For the first time, a brand from Fiat Chrysler, now Stellantis, ranked No. 1 for having the fewest problems. Ram trucks finished first, followed by another company brand, Dodge, according to the annual survey by J.D. Power. Lexus, Mitsubishi, Nissan, Kia, Genesis, Hyundai, Jeep and Chevrolet rounded out the top 10 brands.

Smartphone connections, mainly linking Android Auto and Apple CarPlay to automobiles, was this year’s top problem. It beat voice recognition as the survey’s No. 1 gremlin for the first time since 2011.


Automakers have been trying to link phones to cars for more than a decade, yet the problem persists, said Dave Sargent, J.D. Power’s vice president of automotive quality. Now it’s the connection to make the Apple and Android systems show up on the vehicle screens, he said.

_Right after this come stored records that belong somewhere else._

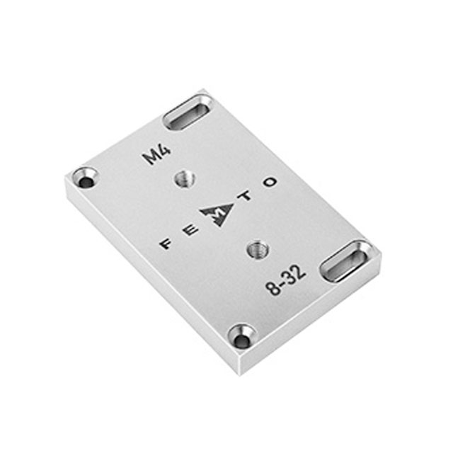 Due to the integrated M4 and 8-32 UNC tapped holes, standard posts for breadboard systems can be easily mounted to the photoreceiver via the adapter plate. The high-tensile material as well as the high manufacturing quality of the adapter plate guarantee a solid fixation.
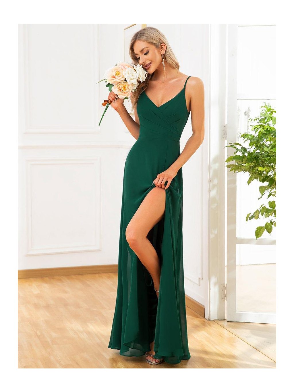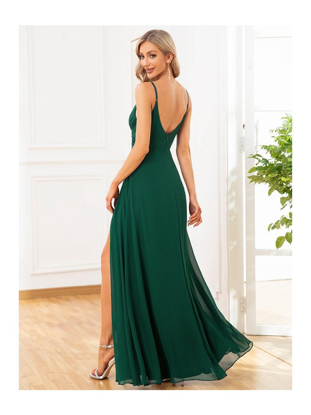 Tento model v hlubokém odstínu smaragdové zelené je sázkou na klasickou eleganci. Živůtek na tenká ramínka zaujme véčkovým výstřihem a jemným řasením, které krásně zvýrazní pas a dekolt. Sukně je ušita z lehkého šifonu, splývá až na zem a díky vysokému rozparku na straně dodává šatům šmrnc a umožňuje pohodlný pohyb při tanci. Záda jsou mírně vykrojená a zapínání zajišťuje skrytý zip. Krásná volba pro svatební družičky.
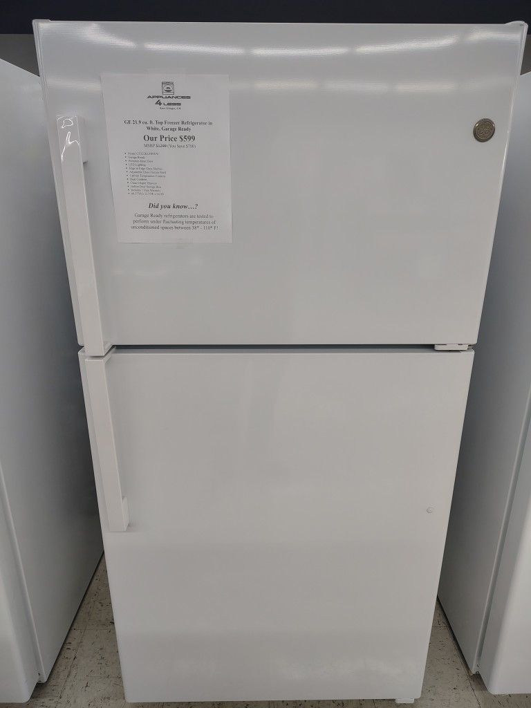 $599(MSRP$1299) GE Top Freezer Refrigerator With Crisper Drawers and Upfront Temperature Controls
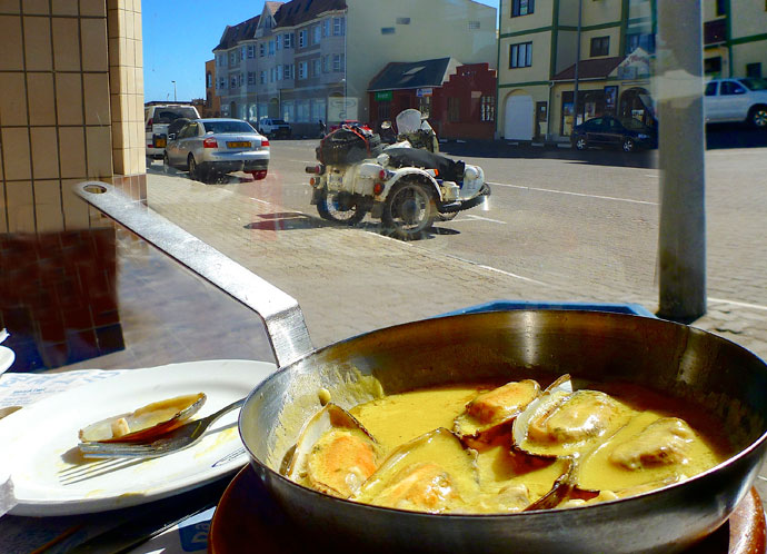 Jean-Louis a laissé son sidecar en Afrique du Sud à 3 jours de route de Walwis Bay en Namibie où est mon sidecar chez François.
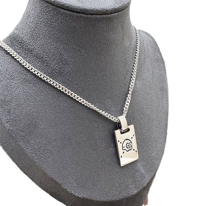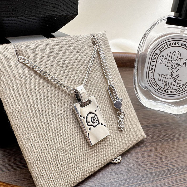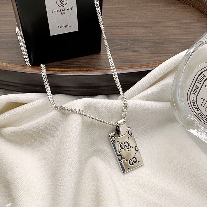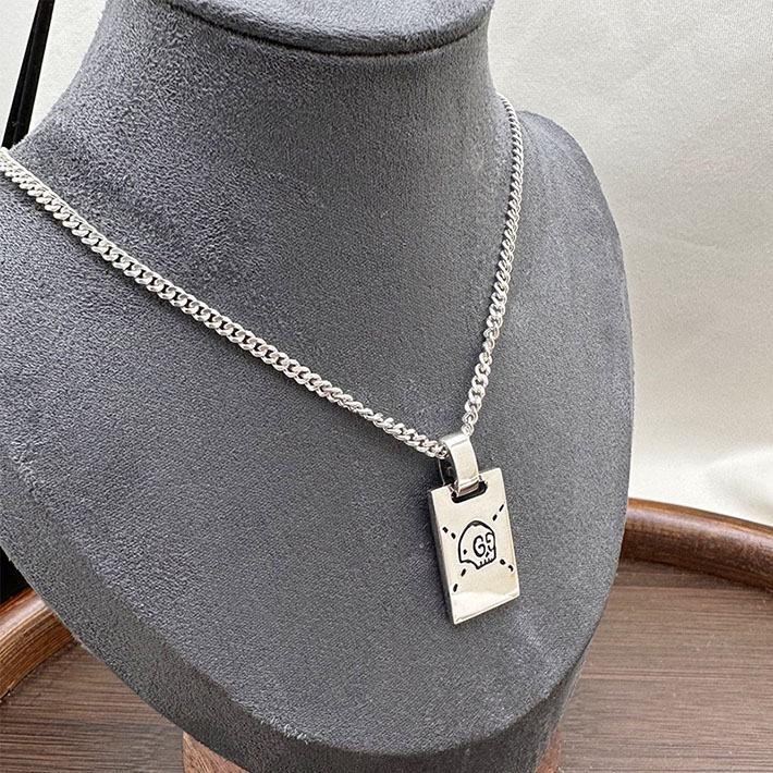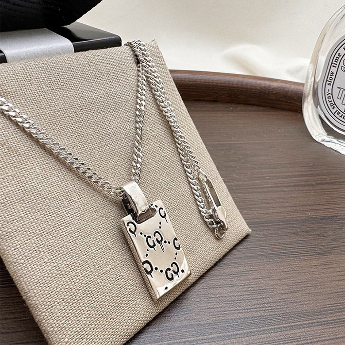 デイリー使いのアイテムに、GGモチーフが現代的な雰囲気とスタイリングの気軽さをプラスします。光沢のあるスターリングシルバーに、エングレービングでロゴとドットのデザインを描き出し、酸化を防ぐためコーティング加工を施しました。このチェーンネックレスでは、そのモチーフをタグ ペンダントとして配しています。

“People see that their phone works fine by itself, but when they come to connect it to the vehicle, go through the Wi-Fi system, that’s where the problems exist,” Sargent said.

Consumers quickly blame their vehicle, but tech companies are part of the problem and should share some of the burden in solving it, he said. About one-third of vehicles on the market in the U.S. have the ability to link to Apple CarPlay and Android Auto, and the problem is pervasive with all manufacturers, Sargent said.

Auto and tech companies point the finger at each other, and the consumer is caught in the middle, Sargent said.

Operator error isn’t the problem because all the owners are doing is trying to connect, not use any of the features, he said. “I’m sure the industry will get it figured out, and in a couple years’ time, it will work better,” Sargent said.